The next thing we focused on was these products that we were developing that were making it to the manufacturing facility but then not making it out to the field. We realized there were three things we needed to improve to make that happen. The oil and gas industry is very dynamic. So, the needs of the field can change weekly, monthly, even daily. Our product design cycle is three months — we have one value-added process that takes a month. So, even if we were to remove all waste, we’d still be at about a month and a half [lead time].

1. Align Strategy with Customer Needs

One way to align the strategy was just to write something down, to make sure that when we’re launching a new product development project, we have shared alignment that is written down. The way we did this is [using] something we call the Design-Intent Document.

There are a few key things about this document. [First], we need to have a primary project contact; that is, a customer contact who can feel responsible and ownership of the work and also change the product scope at any moment. [We need] clear deliverables.
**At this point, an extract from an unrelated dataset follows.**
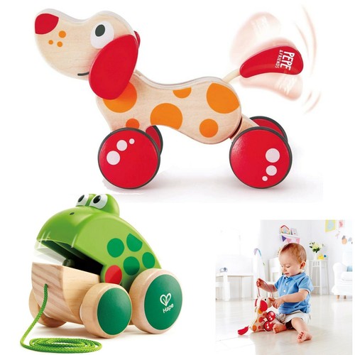 Hape Walk A Long Puppy Wooden Push Pull Toy With Pull Puppy Frog For Toddlers Ebay

And this [requires] a lot of conversation back and forth of, Is this the output you need? What is the output you need? Not the pathway: sometimes, our customers have a tendency to say, I need more abrasion, but when you dive into it, it’s clear that what they actually need is less cracking, and those are different things. 
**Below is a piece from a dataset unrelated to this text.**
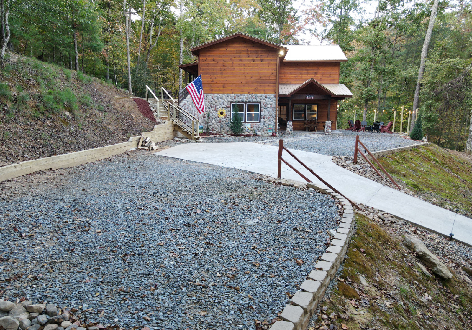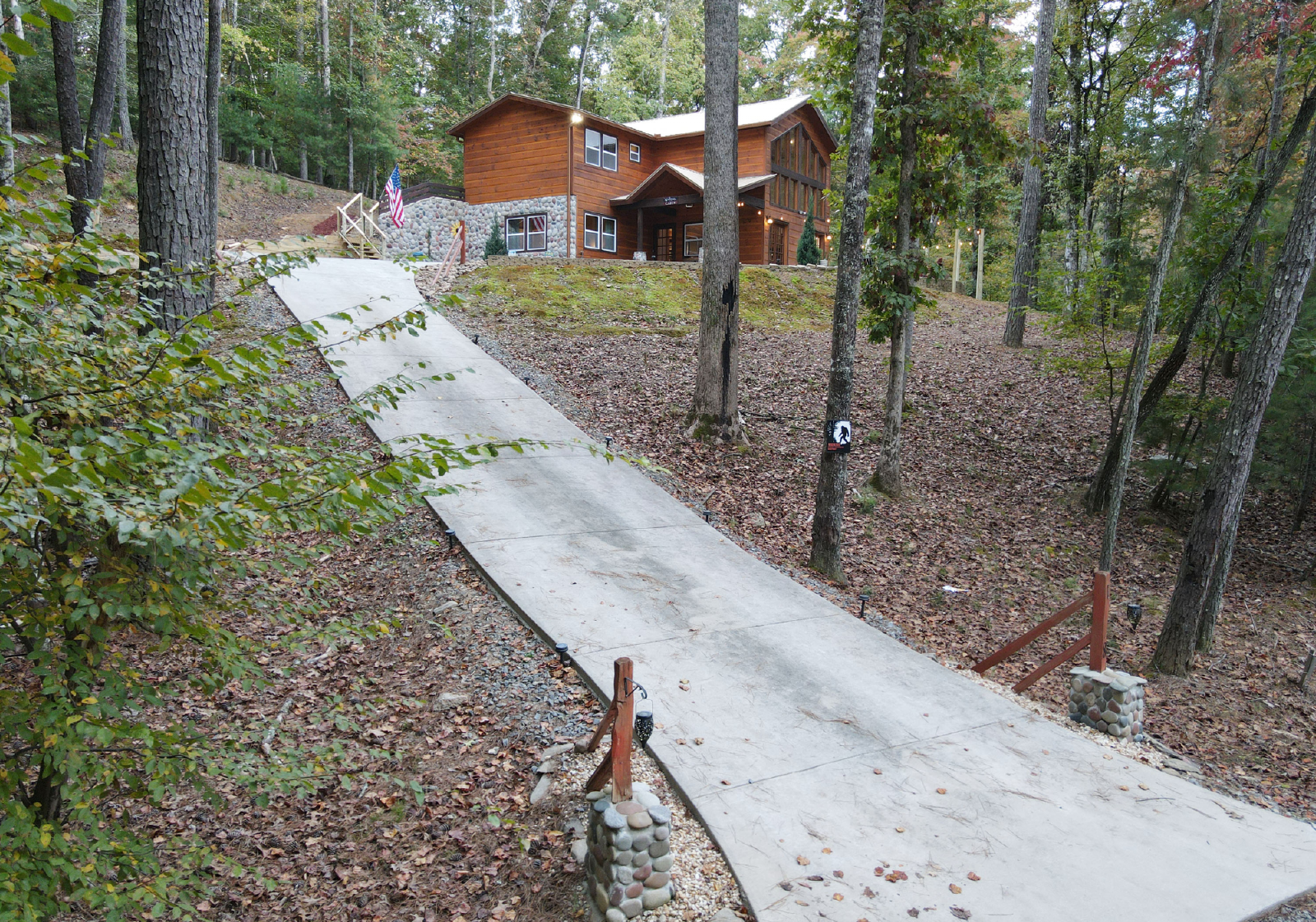 Your drive to the cabin is fully paved roads until you turn onto the short access gravel road. The driveway is concrete and it has plenty of parking for three vehicles.

Next, [we need] clearly defined needs versus wants. So, what are the needs-to-have versus nice-to-haves? And then, [we need] the targeted price point; we always talk about price upfront. 

Some other key things — and our marketing department helped me with this — are making the content short at the top [beginning of the document], longer below and having a lot of white space on your one-page document.
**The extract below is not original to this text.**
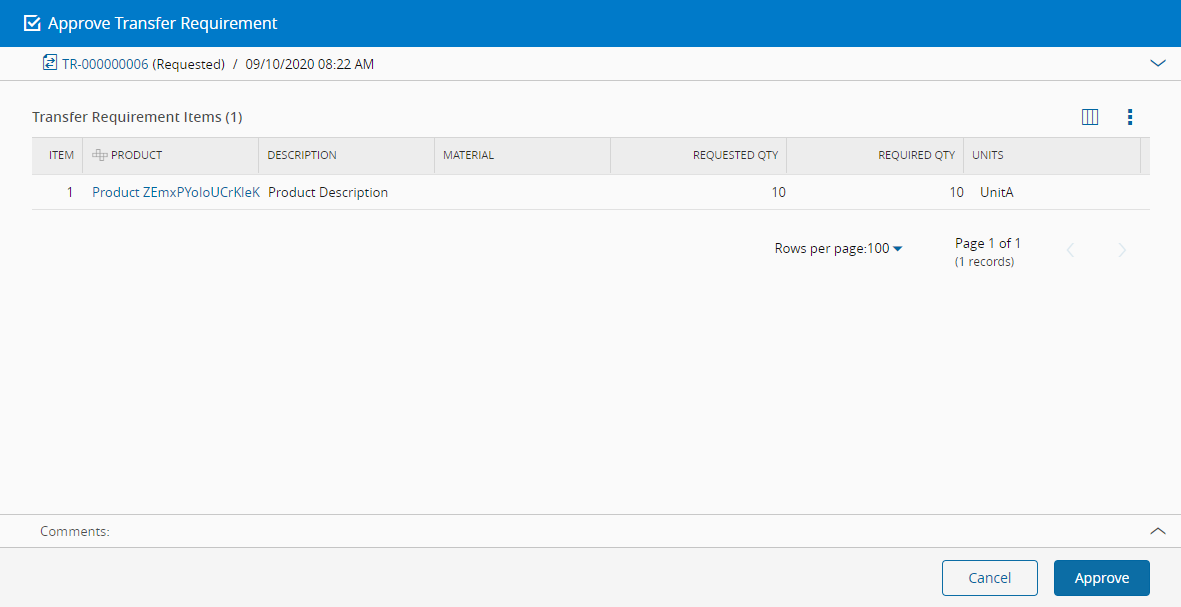This operation is used to approve a Transfer Requirement.

2. Align Testing Techniques with Our Customers’

The other point of misalignment we found is that we were both using the same test to qualify our cutters. It’s a very standard test used in our industry. It’s called a VTL. Some people call it a horizontal boring test, but all it is is a spinning rock, which we take one cutter and abrade away that rock. And we develop our trade-off curves off this test. What we found is that often we would develop a product on our test, and we’d say, this is high abrasion. But when we sent it to our customer’s testing facility —they had the same test — it would come back as a low-abrasion product. So, there was some sort of misalignment between our tests. And digging into this further, we discovered we were just using different test parameters, and tests are very sensitive to the settings that you input onto them.

So, we just asked our customer if they’d be willing to share with us their test parameters, which they were happy to do. And we started using their method. And from that point on, when we said This is high abrasion on our test, we knew that when we sent it to their test, it would also be high abrasion. And that was very consistent. 

One other thing we did regarding aligning the way we spoke [with the customer] is we started matching our customer’s report style. We had different reports. So every time in a product introduction, [when] I’m showing them a graph, it [might take] additional time for their memory or their brain to pick up what is this new graph [is saying]. And really, there’s no reason why I can’t just use the style they prefer and eliminate any confusion. 

3. Share Our Strategy

And then finally, it’s always important to share the strategy. When we design a product, we design it for a specific area or a specific application. So we need to clearly communicate this to not only the manufacturing center but also the distribution centers. And this is an even more simple document. We try to have very few words on it, a lot of white space, and pictures are always a plus.